Work to be completed:
In the listing below, find the line containing "Маленькие кокотницы приготовились" and the line containing "Herrliche Erklärung zu", then copy exactly everything from the first through the second, except the pictures.

Source information:
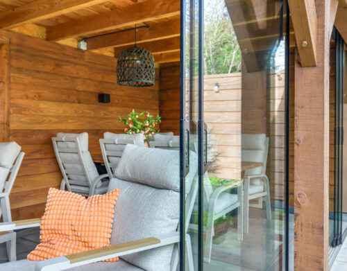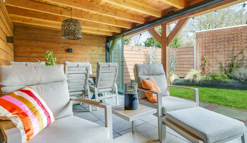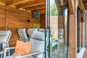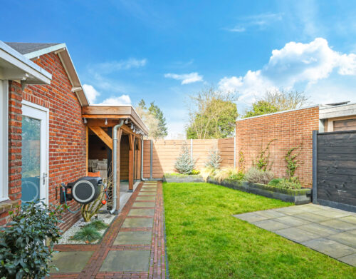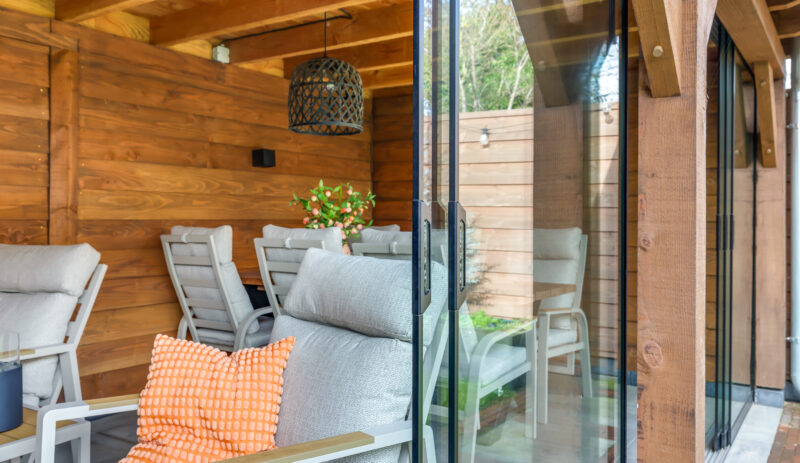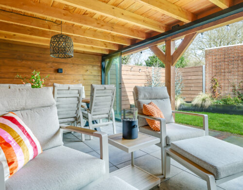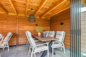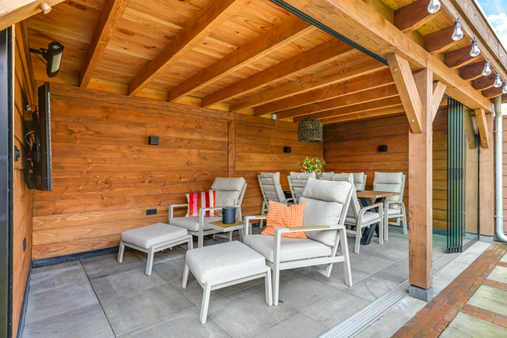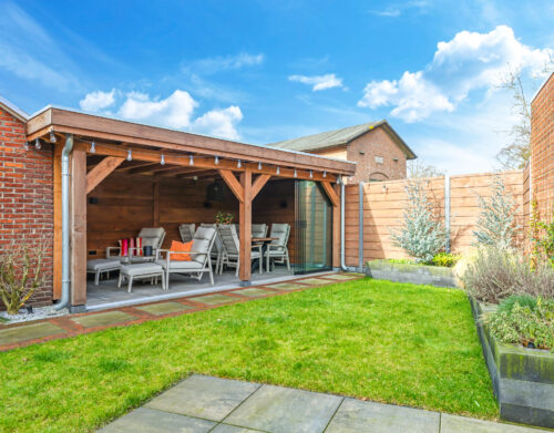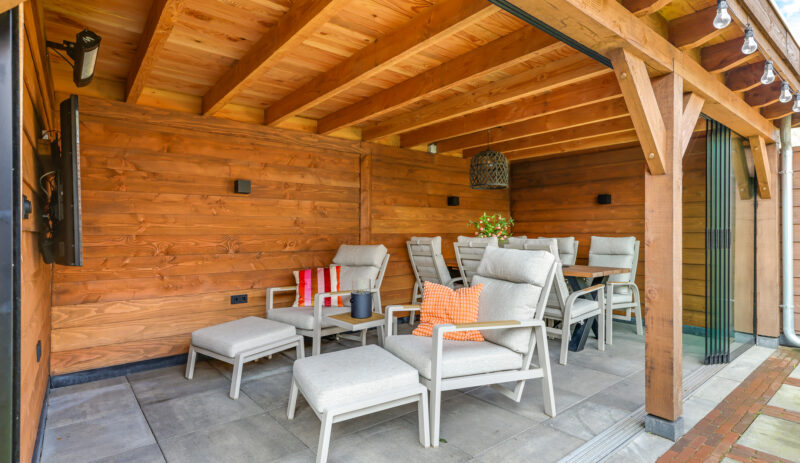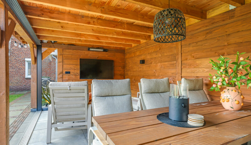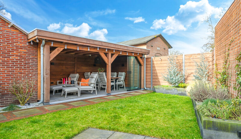 Een grote overkapping met glazen schuifwand maakt het mogelijk om gedurende het hele jaar comfortabel buiten te zitten. Daarnaast is er een aparte stenen berging aanwezig, geschikt voor fietsen en tuinopslag.
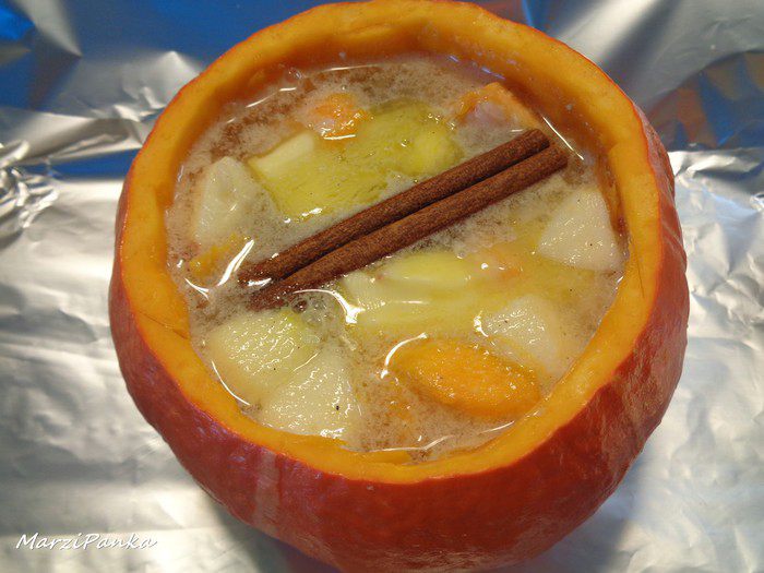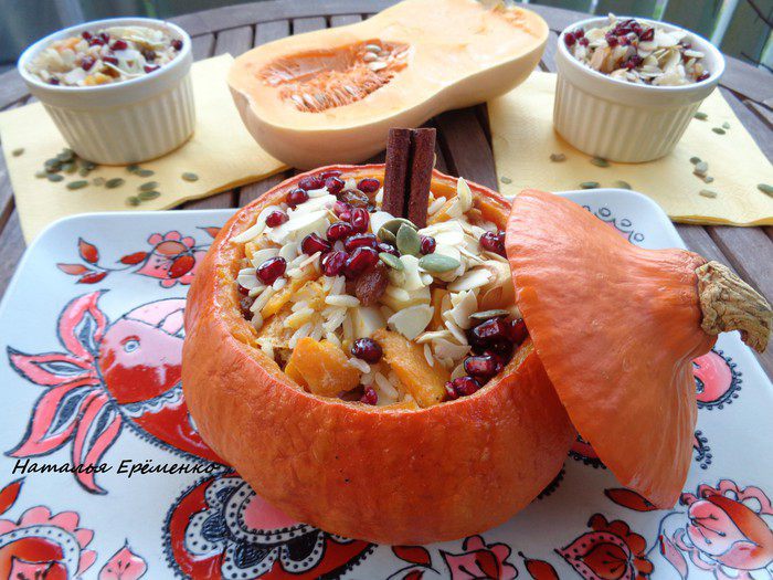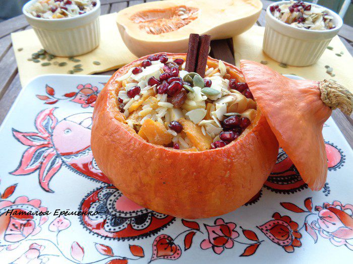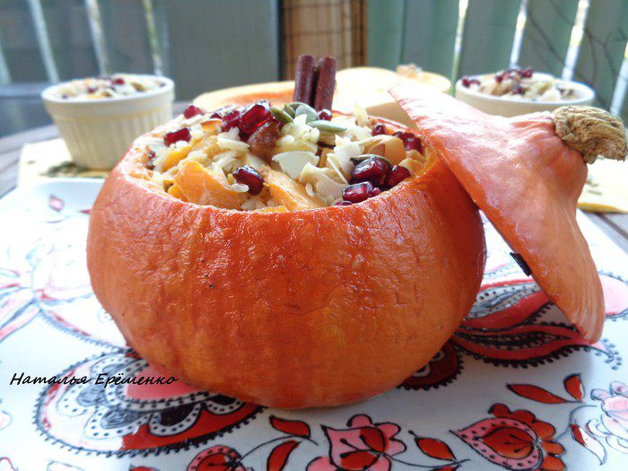 Маленькие кокотницы приготовились за 45 минут, а сама тыква приготовилась за 1,5 часа.
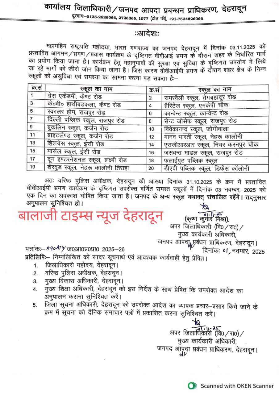 उत्तराखंड राष्ट्रपति के देहरादून भ्रमण कार्यक्रम के दृष्टिगत इन स्कूलों में रहेगा अवकाश November 1, 2025 Jagmohan Singh Maurya Spread the loveदेहरादून उत्तराखंड
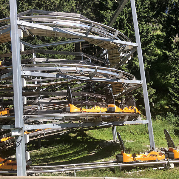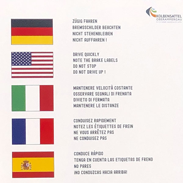 Herrliche Erklärung zu den Regeln beim Runterfahren mit dem Alpine Coaster: Im Englischen und Spanischen soll man nicht "nach oben" fahren. Im Französischen soll man die Dinger gar nicht fahren
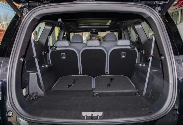 豪越L这车本来就宽(1910mm),做成5座,后备厢容积直接干到628升,后排二郎腿随便翘,过年回家拉年货、周末出去露营,这空间相当于就是一个移动仓库了。
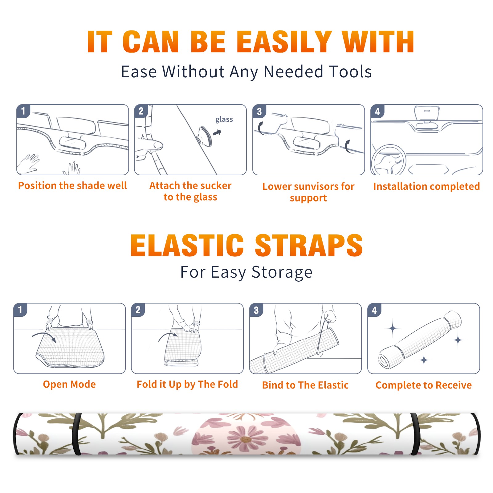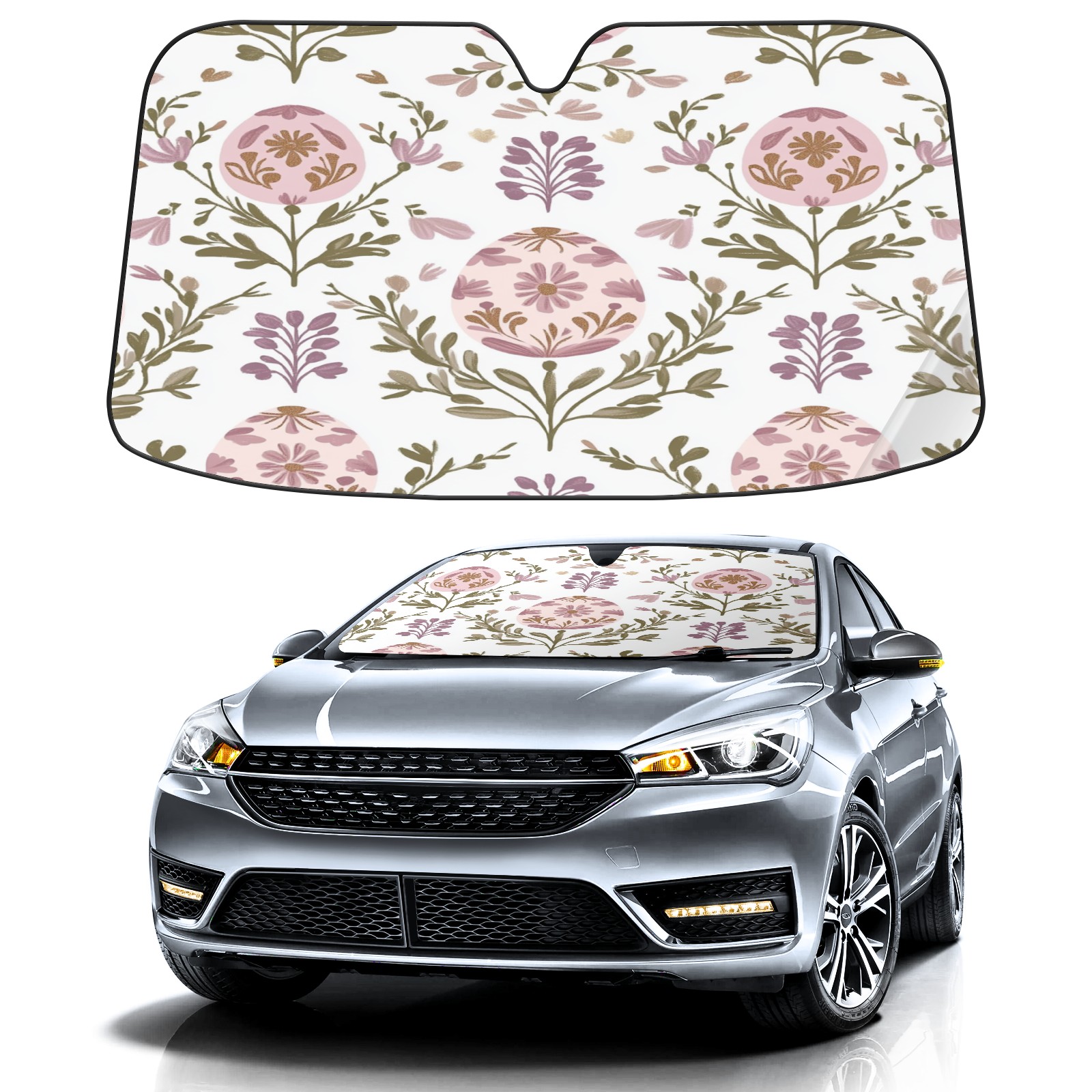 Car Windshield Sun Shade with UV Block & Heat Protection, Universal Foldable Front Window Sunshade for Automotive Sun Protection, Easy Fold Design(Egg-shaped Floral)
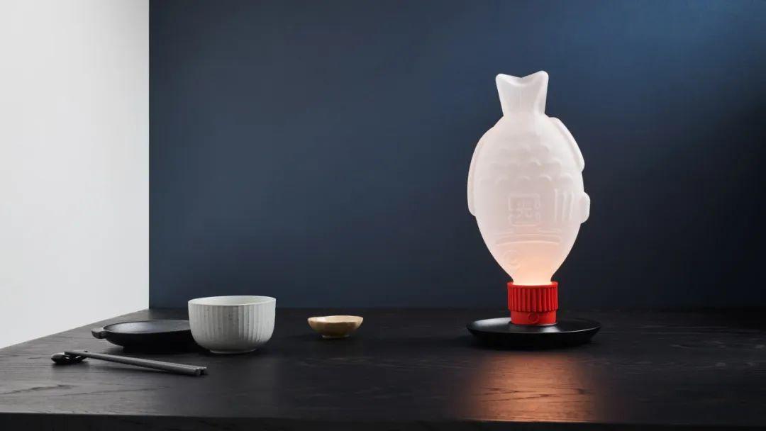 澳大利亞工作室 Heliograf的產(chǎn)品設(shè)計 Light Soy Table Lamp / Light Soy Pendant Light。 將大家熟悉的魚形迷你醬油容器放大造型,配合底座和燈罩,可以成為臺燈或吊燈。采用磨砂玻璃制成,更加擬真,也有恰當(dāng)?shù)臏厝釤艄狻?/p>
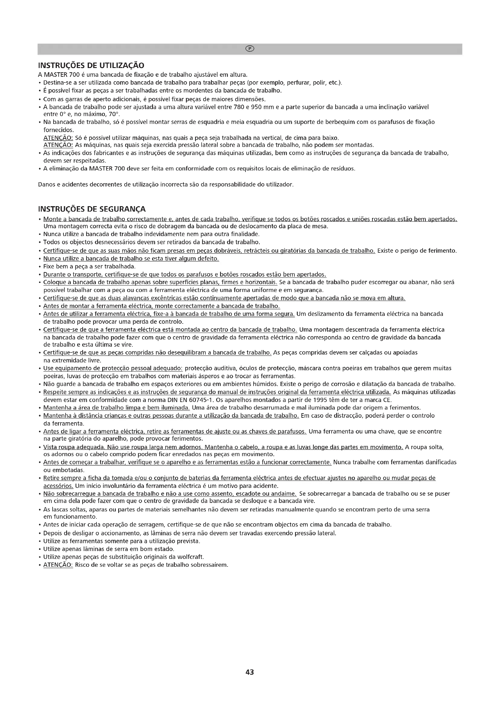 MANUAL DE UTILIZADOR Master 700 WOLFCRAFT
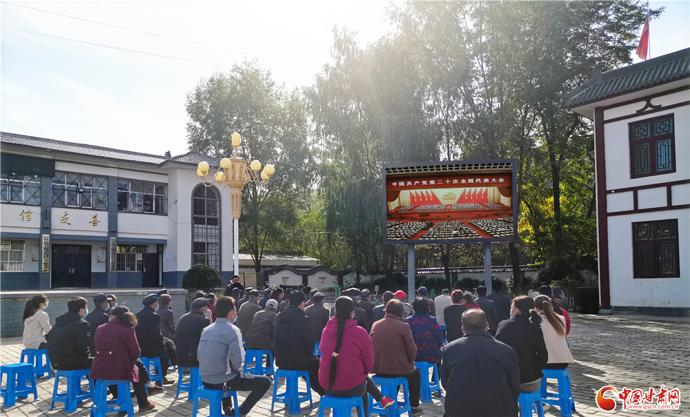 平?jīng)鍪袥艽h汭豐鎮(zhèn)鄭家溝村干部群眾早早來到村公共服務(wù)中心廣場,通過大屏幕收看大會開幕盛況。
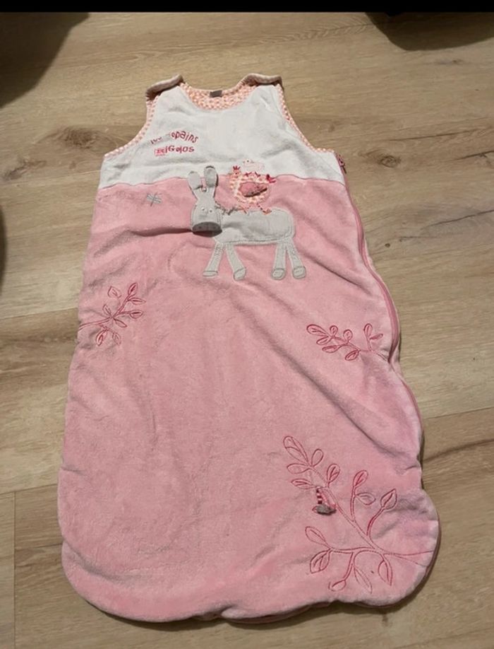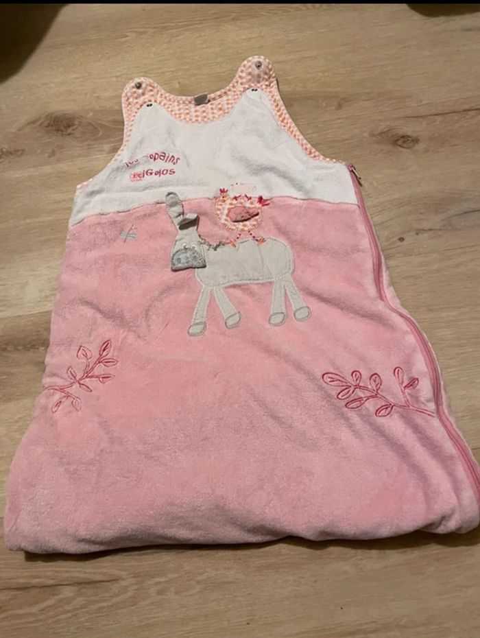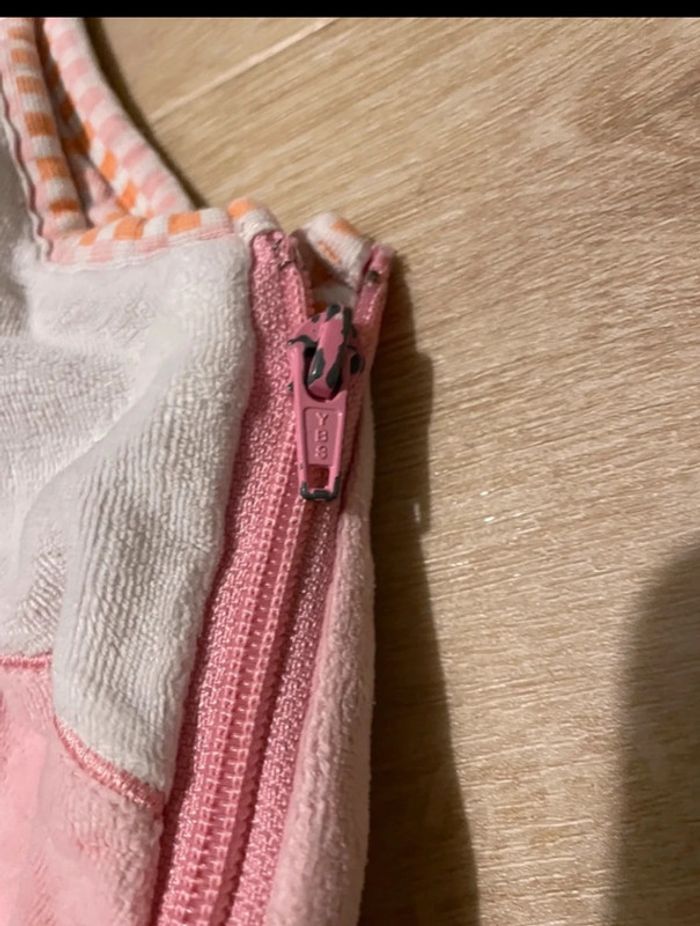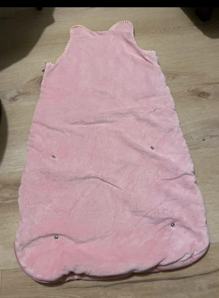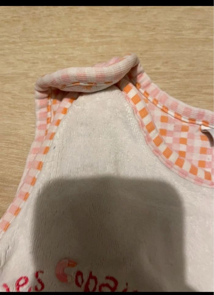 Gigoteuse/turbulette blanche et rose Épaisse Fermeture pressions en haut et fermeture éclair sur le côté Elle est évolutive et peut se raccourcir Pas de trous ni de taches, juste un peu moins douce

Response area:
 Маленькие кокотницы приготовились за 45 минут, а сама тыква приготовилась за 1,5 часа.
 उत्तराखंड राष्ट्रपति के देहरादून भ्रमण कार्यक्रम के दृष्टिगत इन स्कूलों में रहेगा अवकाश November 1, 2025 Jagmohan Singh Maurya Spread the loveदेहरादून उत्तराखंड
 Herrliche Erklärung zu den Regeln beim Runterfahren mit dem Alpine Coaster: Im Englischen und Spanischen soll man nicht "nach oben" fahren. Im Französischen soll man die Dinger gar nicht fahren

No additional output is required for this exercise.